Паутина противостояния
Шрифт:
– Это высшая форма власти.
Ортега увел семейство Турчи из подвала, повез на один из верхних этажей Цитадели, в комнату с окнами и мягкими креслами. В комнату с настоящим зеркалом. Однако побыть одному Сантьяге не удалось. Едва закрылась дверь, как из противоположной стены медленно вышел князь Темного Двора. Длинная фигура, закутанная в бесформенный черный плащ с низко надвинутым капюшоном.
– Это высшая форма власти – власть над разумом.
Лучшие маги Великих Домов не знали способов тотального управления. Умели сделать врага идиотом, исковеркать мозг
– Он восстановил древние техники.
– Он готов на все ради власти.
– Нет. – Капюшон качнулся. – Он пойдет на все ради власти.
– Да, – согласился Сантьяга. – Пойдет.
– У тебя есть план войны с ним?
Комиссар повернулся и еще раз посмотрел на разгромленную камеру. На размазанную по полу и стенам пищу, на сделанную кровью надпись: «Ярга вернулся!» Черные глаза непроницаемы, губы сжаты в узкую полоску, а уши… уши едва заметно заострены.
– Плана нет, – тихо произнес Сантьяга. – Зато есть огромное, всепоглощающее желание уничтожить даже память о нашем первом князе.

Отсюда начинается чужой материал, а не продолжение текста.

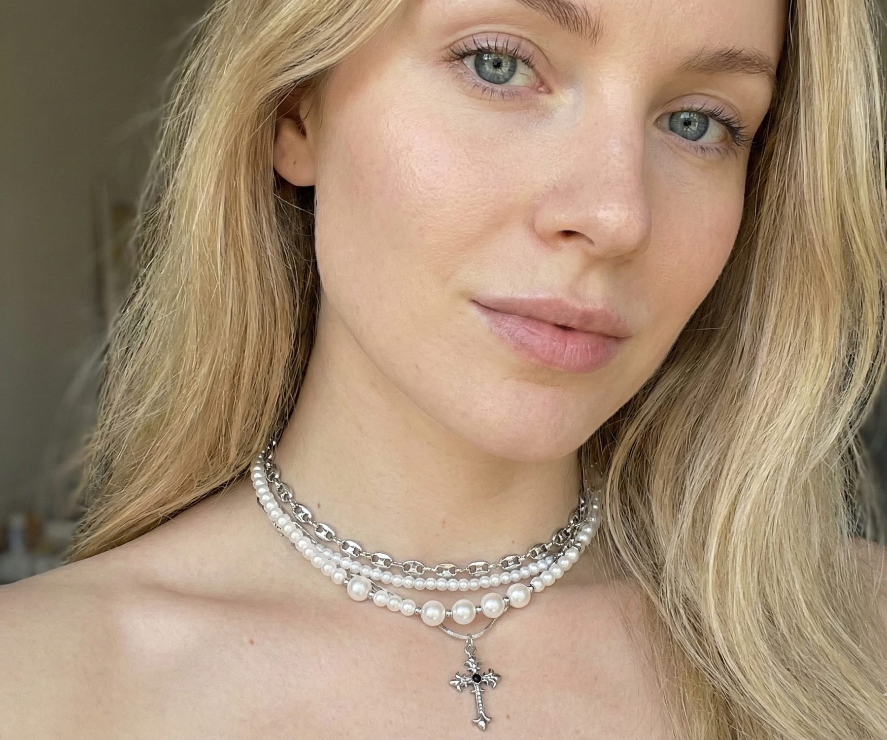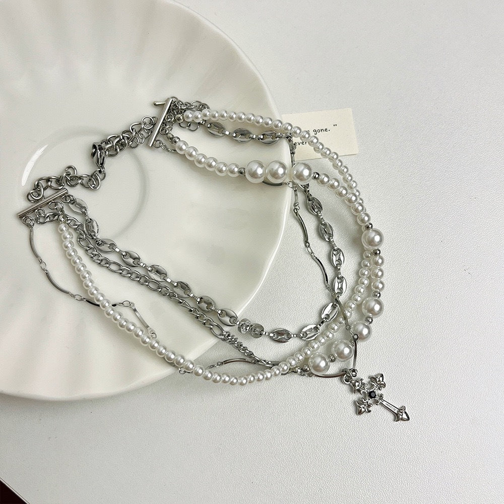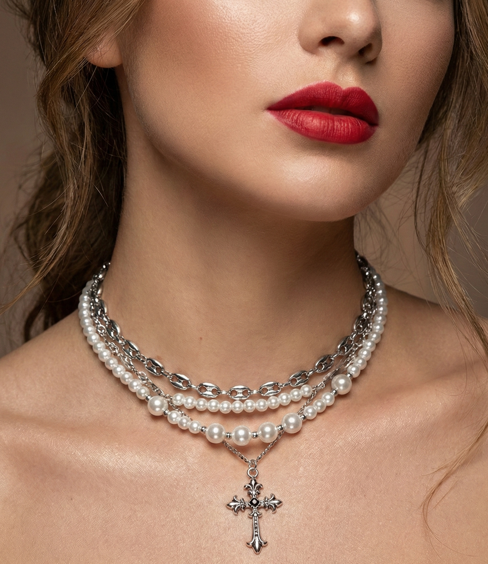 Дизайн: багатошаровий чокер — поєднання перлинних ниток і ланцюжка з підвіскою-хрестиком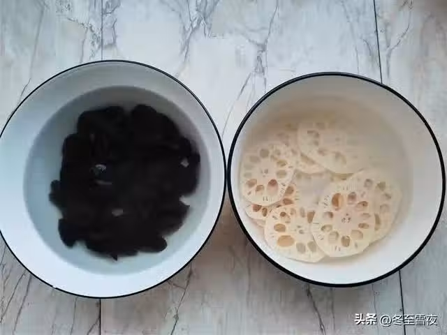 1.準備好所需材料,干木耳提前放到冷水中泡發半小時左右,把木耳泡發好,蓮藕颳去外皮,切成薄片,放到清水中,加入幾滴醋,這樣蓮藕的顏色就不會氧化變黑。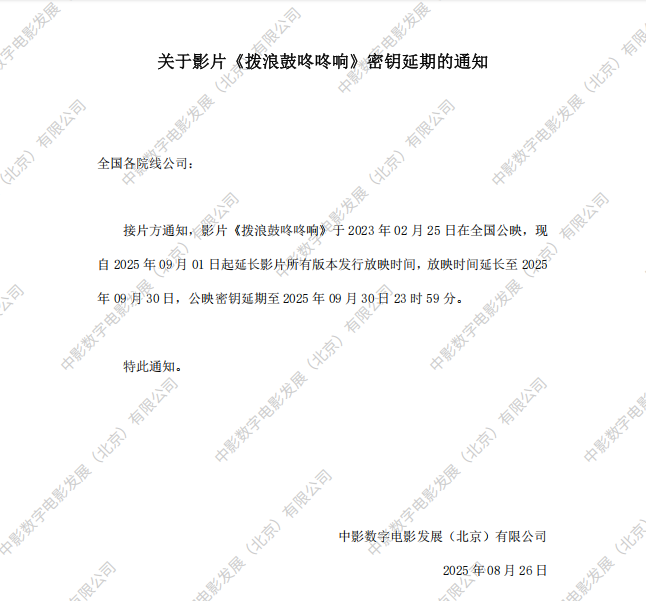 《拨浪鼓咚咚响》第三十二次密钥延期的通知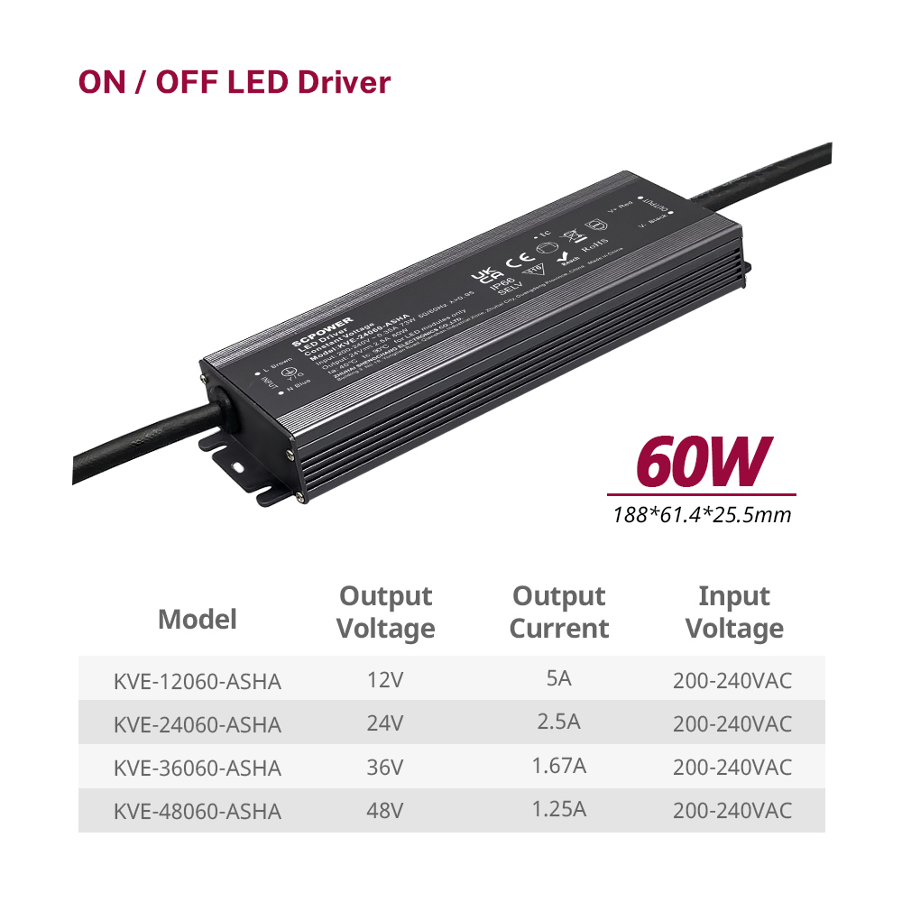 60W | KVE-12060-ASHA | 12V | 5A | 188*61.4*25.5mm | |

Этот кабинет разительно отличался от того, что погиб на базе. Тоже большой, тоже черный, темный, но, увы, лишенный ставшего привычным лоска. Мебель не красивая, а функциональная. Книги расставлены небрежно, да и мало их, книг. Вместо стационарного компьютера ноутбук – программисты не успели оснастить хозяина так, как он того требовал. Единственное, что радовало – кресло. Точно такое же, как и раньше.
Именно в нем сидел Ярга, забросив ноги на стол и бездумно изучая шрам на руке – след катаны. Через два-три дня от него не останется и следа, однако сейчас розовая полоска напоминала о поражении. Напоминала, но… Но Ярга уже успокоился.
Небрежная, расслабленная поза. Господин директор слегка утомлен, господин директор изволят отдыхать в конце рабочего дня. С виду и не скажешь, что господин директор получил весьма и весьма увесистую оплеуху.
Шрам, быстро затягивающийся шрам. Не знак провала, а повреждение тела, просто шрам – вот и все, что волновало Яргу. И даже раздавшийся из угла рык не заставил его вздрогнуть.
Ждал. Знал, что услышит.
Крупный орангутан, до сих пор безвольно полулежащий в гостевом кресле – то ли мертвый, то ли под действием наркотика, – неожиданно забился, скатился на пол, зарычал, царапая пол когтями, поднялся на четвереньки, пошатнулся – лапы не держали, закашлялся, изрыгая из себя сгустки крови, упал, перекатился на спину и глубоко задышал, уставившись в потолок. Глазами, в которых светился разум.
– Я вижу, Схинки, ты снова умер, – небрежно заметил Ярга, продолжая созерцать оставленную японцем метку.
– А я вижу, нас отбросили на несколько месяцев назад, – проворчал орангутан.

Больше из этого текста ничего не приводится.